Read Ellis Peters - George Felse 05 - The Piper On The Mountain Online
Authors: Ellis Peters
It accepted his weight perfidiously, and then at the last moment it lurched, and almost brought him down. He swayed and stared, afraid to close his eyes, fighting for balance, streaming with sweat in a sudden flood that scalded his eyebrows and eyelids, and burned bitterly on his lips. His supporting foot slipped, the stone under it rolled with agonising slowness between its fellows, and ponderously found a new equilibrium. He was down on hands and knees, quivering, toppling, wrestling with the air within him and without, fighting to balance his terrified flesh with the poised wings of his desperately calm mind. Under his spread, cautious fingers the stone felt like a ploughed field shaken by earthquake. Slowly, slowly the convulsions settled. He hung still, intact, amazed, running with sweat.
Through the thunder of blood in his ears, he heard a voice behind him saying very clearly and coolly: “Don’t be startled! Keep quite still. I’m here close behind you.”

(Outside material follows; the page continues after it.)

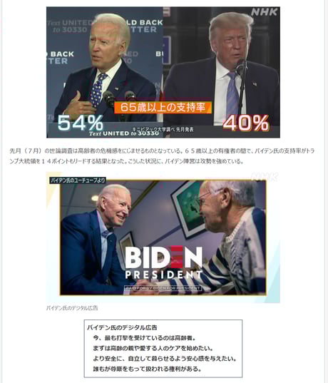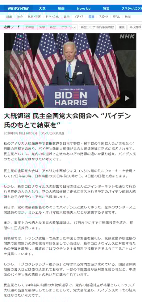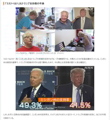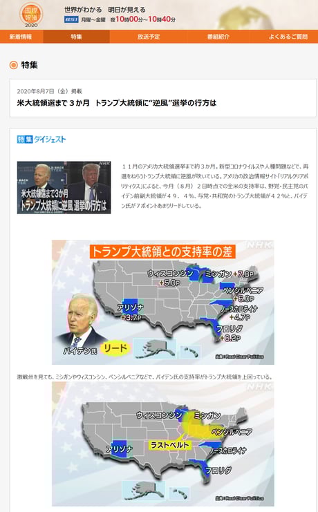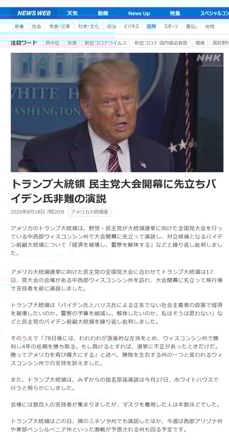 民主党支持者からも懸念が出ているハリス副大統領候補を持ち上げたり、同日のNHK NEWS WEBも、反トランプ・民主党応援の著しく片寄った記事構成になっている。

And indeed the voice was close, steady and sourceless, like voices heard in delirium; and like those voices, it did not startle him, it was strangely acceptable, almost familiar; even the fact that it spoke in unaccented English did not strike him as surprising. The only thing he wondered about then was time. How long could he have been kneeling here sick and blind, fighting for his nerve and his balance, if the stranger had had time to drop down the slope to him and follow him out on to this vibrating man-trap?
“Don’t move until I tell you.”
A hand, long, large-jointed and muscular, came steadily sliding past his shoulder, and closed over his right hand, holding it down hard against the stone. The hand’s invisible fellow settled bracingly under his right arm-pit.
“Now! Turn inward towards the slope. Gently! I’ve got your weight.”
The hands holding him felt like the only stable things in the universe. He trusted them, and turned about the pivot of his own anchored arm. He could see nothing but the close, grained surfaces of rock, and the light on the side of him where the fall was; but now it had changed to his right side. When he had blinked away the sweat that stung his eyes, the range of his vision took in also the hand that gripped his own, a muscular, naked forearm, the edge of a wide linen sleeve, and a knee, cased in cream-coloured felt, drawing back slowly to a new position.
“All right?” asked the voice.
“Yes. I’m all right.”
“Keep still, then. I’m going to turn ahead of you. No, keep down!”
The hands withdrew from him. He drew breath cautiously, and through the interstices of his human and commanding terror intimations of reason and will came floating back to him.
“Good! Now follow me closely. I’ll go slowly. Hold by my ankle as you move up after me.”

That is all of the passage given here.